Concludo dando pieno sostegno all'attività dei Senatori della Repubblica e al Dottor Minelli che nei giorni scorsi aveva messo in risalto la questione
Friday
10/02/12
15:54
Non sono d'accordo, credo che inserire figure appositamente formate e pagate, dentro i centri di aggregazione, sia un elemento qualificante degli stessi, per rendere più efficace la loro azione sociale. Sono d'accordo con Lei sul fatto che l'organizzazione dei centri di aggregazione deve essere espressione di una comunità, sia essa laica associativa, di quartiere o parrocchiale. Ma questo principio, non presuppone che gli stessi non debbano garantire dei servizi adeguati e con personale preparato, pagato e specializzato. Consideriamo che i centri di aggregazione, laici o confessionali che siano (mi riferisco non solo a quelli Cattolici), sono una delle frontiere più avanzate che entrato in contatto con il disagio sociale, quindi è importante che problemi esistenziali delicati, siano affrontati da personale specializzato. Lo stesso Ateneo dispone di una struttura interna, per il sostegno, anche psicologico agli studenti. Che poi la Chiesa navighi nell'oro, come del resto i partiti, è fuori di ogni dubbio. La sicurezza tanto sbandierata ed evocata dai politici, si crea anche facendo azione di prevenzione e sostegno nei centri di aggregazione giovanile. Piuttosto credo che il pubblico dovrebbe investire nella creazione di posti di lavoro per il sostegno alle politiche sociali.
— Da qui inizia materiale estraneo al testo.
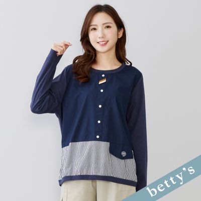 KeyWear奇威名品 拼接分割結構長袖襯衫-深藍色
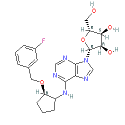 | SMILES | OC[C@H]1O[C@@H](n2cnc3c(NC4CCC[C@H]4OCc4cccc(F)c4)ncnc32)[C@H](O)[C@@H]1O |

Per creare le figure spirituali ci siano già i seminari o le scuole di teologia. Discorso diverso per le figure che sono preparate dalle facoltà di scienze della formazione, per fornire un supporto sociale - educativo - pedagogico - psicologico. Ad esempio nell'Ateneo di Perugia esiste anche un corso di laurea in psicologia. Formare dei professionisti non è mai un male e non necessariamente, gli oratori potrebbero avere al loro interno professionalità adeguate. L'Ateneo deve trasferire sapere e professionalità alla società nel suo complesso.
Per lo stesso principio che il signor Artur contesta sulle risorse interne agli oratori, anche la pubblica amministrazione, dovrebbe essere capace al suo interno di formare e aggiornare i propri dipendenti, eppure paga master, corsi di aggiornamento, centri di formazione etc. etc. collaborando in prima persona con il mondo universitario.
Non sono a conoscenza se questo master benefici di soldi pubblici, solitamente sono gli iscritti a pagarsi il master di tasca propria. Evidentemente se l'Ateneo ha organizzato questo master, ha individuato una esigenza formativa e una richiesta da parte di potenziali iscritti. Riguardo ai master nel complesso, vogliamo parlare delle decine e decine di master sui beni culturali e turismo che hanno creato solo illusioni? Anche in quel caso non saranno stati buttati al vento dei soldi? Comunque, dei master in gestione dei servizi, dei centri e delle strutture sociali esistono in Italia. Quindi accolgo il suo appello e, spero anche io, che se ne possa attivare uno anche in gestione dei centri - socio culturali a Perugia. Nella speranza che questo crei lavoro e non solo altri 'disoccupati' qualificati. Forse sbaglio, ma più che dei volontari, abbiamo bisogno di lavoratori motivati, per creare sviluppo e crescita sociale.